Judy’s passion for cooking began with helping her grandmother make raisin oatmeal for breakfast. From there, she earned her first food service job at 15, was accepted to the world-famous Culinary Institute of America at 18 (where she graduated second in her class), and went on to the Fachschule Richemont in Switzerland, where she focused on pastry arts and baking. After a decade in food service for Hyatt Hotels, Judy launched Food and Health Communications to focus on flavor and health. She graduated with Summa Cum Laude distinction from Johnson and Wales University with a BS in Culinary Arts, holds a master’s degree in Food Business from the Culinary Institute of America, two art certificates from UC Berkeley Extension, and runs a food photography & motion studio where her love is creating fun recipes and content.

Judy received The Culinary Institute of America’s Pro Chef II certification, the American Culinary Federation Bronze Medal, Gold Medal, and ACF Chef of the Year.

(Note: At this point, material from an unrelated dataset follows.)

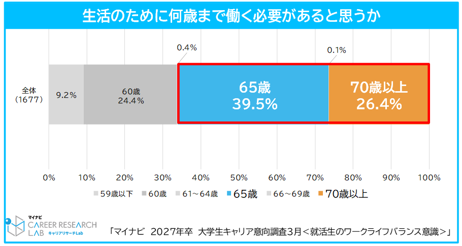 学生に「生活のために何歳まで働く必要があると思うか」を聞くと、「65歳(39.5%)」が最多で、4人に1人は「70歳以上(26.4%)」と回答。現在の学生は、再雇用後に年金受給開始年齢まで働くことを見据えている様子がうかがえる。
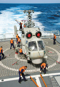 整個(gè)護(hù)航期間,編隊(duì)艦載直升機(jī)值班和飛行任務(wù)相當(dāng)繁重,警戒巡邏、應(yīng)召支援、勤務(wù)運(yùn)輸、垂直補(bǔ)給,都離不開(kāi)艦載直升機(jī),它們時(shí)刻處于戰(zhàn)備值班狀態(tài)。3月2日,“武漢”艦艦載直升機(jī)先后3次起飛,對(duì)40艘可疑目標(biāo)實(shí)施查證驅(qū)離,任務(wù)之繁重創(chuàng)造了護(hù)航單日之最。

Her enthusiasm for eating nutritiously and deliciously leads her to constantly innovate and use the latest nutritional science and Dietary Guidelines to guide her creativity, from putting new twists on fajitas to adapting Italian brownies to include ingredients like toasted nuts and cooked honey. Judy’s publishing company, Food and Health Communications, is dedicated to her vision that everyone can make food that tastes as good as it is for you.